Üstelik bu yasalardan kimilerinin, milyonlarca vatandaşın rızası hilafına olmasının, bazılarının insanlık değerlerini çiğnemesinin iktidar nezdinde önemi yoktur. İtiraz edenlerin, sokaklarda demokratik hak arayışına girmeleri halinde, protestolarının bir suçlu gibi zorla bastırılacağı da kesine yakındır.
“Tartışmalara saygılıyız”
Hemen herkesin bildiği bu realiteyi niye anımsattığıma geleyim. Aslında bir gerekçeden bağımsız olarak, sorunlarımızı ağırlaştıran temel sorun olarak Meclis’in işlevsizleştirilmesini ne kadar yazıp anlatsak azdır.
Ama bugün bu anımsatmaları yapmamın sebebi, Hazine ve Maliye Bakanı Mehmet Şimşek’in NTV’deki programda söyledikleri. Cuma gününden bu yana haklı yoğun tepkilerle karşılaşan kredi kartı “haracı” konusunda Şimşek, “Tartışmalara saygılıyız. Takdir yüce Meclis’in” demiş.
Kredi kartı haracını kim istedi
Aslında Şimşek’in NTV’deki sözlerinin satır araları, 750 TL’lik “haraç”ı kimin istediği konusunda fikir yürütmeye imkân sağlarken, son gelişme üzerine yeni sorular sorduruyor. Bakalım şu ifadelere:
“Ülkemizin caydırıcılık gücünü artırmak dışında hiçbir seçeneği yok. Bölgemizde bir ateş var, savaşlar var. Sıkıntılı bir mahalledeyiz. Kredi kartlarından savunma sanayiye aktarılacak kaynağın amacı ülkemizin caydırıcılığını artırmak. Bunun amacı çok net. Türkiye savunma sanayinde atılım içinde. Bizim caydırıcılığı artırmaktan başka yapacağımız başka bir şey yok. Savunma sanayi gelişiyor. Şu anda 3 bin 300 firmamız savunma sanayine parça üretiyor. Tüm ülkeyi koruyacak bir savunma sistemi üretilecek. Binin üzerinde yüksek teknolojili proje var. Bu kaynak gerektiriyor. Kaynak gerekiyor denildi. Savunma sanayi fonunu 165 milyara çıkartmışız.
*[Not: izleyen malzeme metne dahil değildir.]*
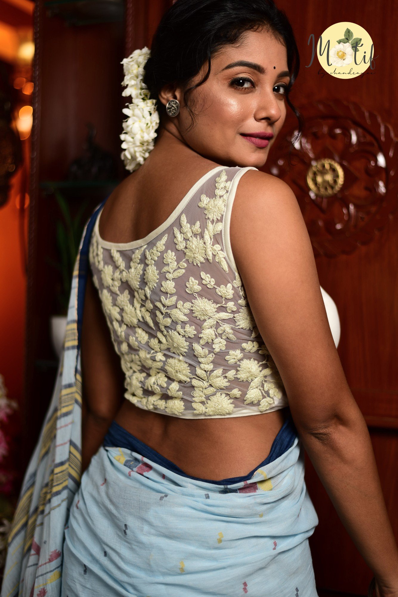 Perfectly tailored with a sleeveless cut and classic neckline, this blouse pairs beautifully with silk, organza, or linen sarees, lending a dreamy, feminine touch to your ethnic look. A must-have for those who love understated elegance with a luxurious edge.

Bunu arttırmamız gerekecek. Uzun menzilli savunma araçlarından tutun 5'inci nesil uçağa kadar. Tedbir setinin geliştirilmesi gündeme geldi. Oturuldu bunun üzerine çalışıldı. İşlem bazlı birtakım ücretlere yönlendirildi.”
Denildi, oturuldu, çalışıldı
Şimşek, Türkiye’nin caydırıcılık gücünün arttırılması gerektiğini bunun da kaynak gerektirdiğini söylemiş ama kullandığı dilde kendisi yok.
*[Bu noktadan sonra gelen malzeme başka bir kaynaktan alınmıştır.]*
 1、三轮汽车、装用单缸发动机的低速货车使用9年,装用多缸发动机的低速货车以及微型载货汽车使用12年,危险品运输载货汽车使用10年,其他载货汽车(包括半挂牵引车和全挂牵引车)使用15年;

Birileri “söylemiş, denilmiş, oturulmuş ve çalışılmış.” Belli ki bu kendisinin istediği bir durum değil. Dahası, bu kaynak kendisinden istendiğinde, vergi şeklinde çıkarılmasının yanlış olduğunu söylediği anlaşılıyor:
“Biz dedik ki enflasyonla mücadele ederken enflasyonu artıracak vergi artışlarından uzak duralım. İşlem bazlı ücretlere yönelindi.”
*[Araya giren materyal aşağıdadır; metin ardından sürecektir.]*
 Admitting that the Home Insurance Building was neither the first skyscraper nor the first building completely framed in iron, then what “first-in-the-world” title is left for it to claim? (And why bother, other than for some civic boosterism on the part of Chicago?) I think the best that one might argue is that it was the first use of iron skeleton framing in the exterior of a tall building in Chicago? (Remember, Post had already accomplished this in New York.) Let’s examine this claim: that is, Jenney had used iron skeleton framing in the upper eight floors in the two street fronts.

Anlaşıldığı kadarıyla “tüm ülkeyi koruyacak savunma sisteminin üretilmesi için” kaynak gerektiğini söyleyenler, Şimşek’ten önce vergi talep etmiş. Ancak Şimşek, yeni verginin enflasyonist etki yaratacağını söyleyince, bu akıldışı “işlem bazlı ücret”e karar verilmiş.
* * *
Gelinen noktada, harcanmayan bir paranın, gelecekteki bir borcun ihtimali için vatandaştan alınacak paralar, Türkiye’nin bölgedeki caydırıcılığıyla özdeşleştiriliyor. Bu “haraç”ı akıl edip yasa maddesi haline getirilmesini isteyenler ve destek olanlar, gelecek itirazlara, “Yoksa sen Türkiye’nin savunma sanayiinin gelişmesini istemiyor musun?” sorusunu da hazır bekletiyordu muhtemelen.
* * *
Şimşek’in açıkladığı “paketin bir kuruşunun bile bütçeye gitmeyecek oluşu”, yükselen tepkilere yönelik bir çeşit savunma niteliğindeydi. Ancak bu gerekçenin, burnundan soluyan vatandaşlar nezdinde bir gönüllülük yaratmayacağı çok kısa sürede anlaşıldı. Bunda tepkilerin çok hızlı ve yaygın yükselişi etkili oldu.
Dün akşam saatlerinde, bu maddenin yer aldığı savunma sanayi destekleme fonu paketinin bütçe sonrasına ertelenmek üzere geri çekildiği, görüşmelerin 2025 yılına kaldığı açıklandı. Kümesteki kazlara her fırsatta elini uzatanların o kazların üzerinde yolacak tüy kalmadığını gördüğü anlaşılıyor.
Bu durumda cevap bekleyen soru şu olacak: Bu düzenleme, madem bir çırpıda ertesi yıla ertelenebilecekti, o vakit gerekçe olarak sunulan Türkiye’nin caydırıcılığının artması için ihtiyaç duyulan kaynak ne olacak?
O kaynak şimdi alınmayacaksa, caydırıcılık da mı erteleniyor?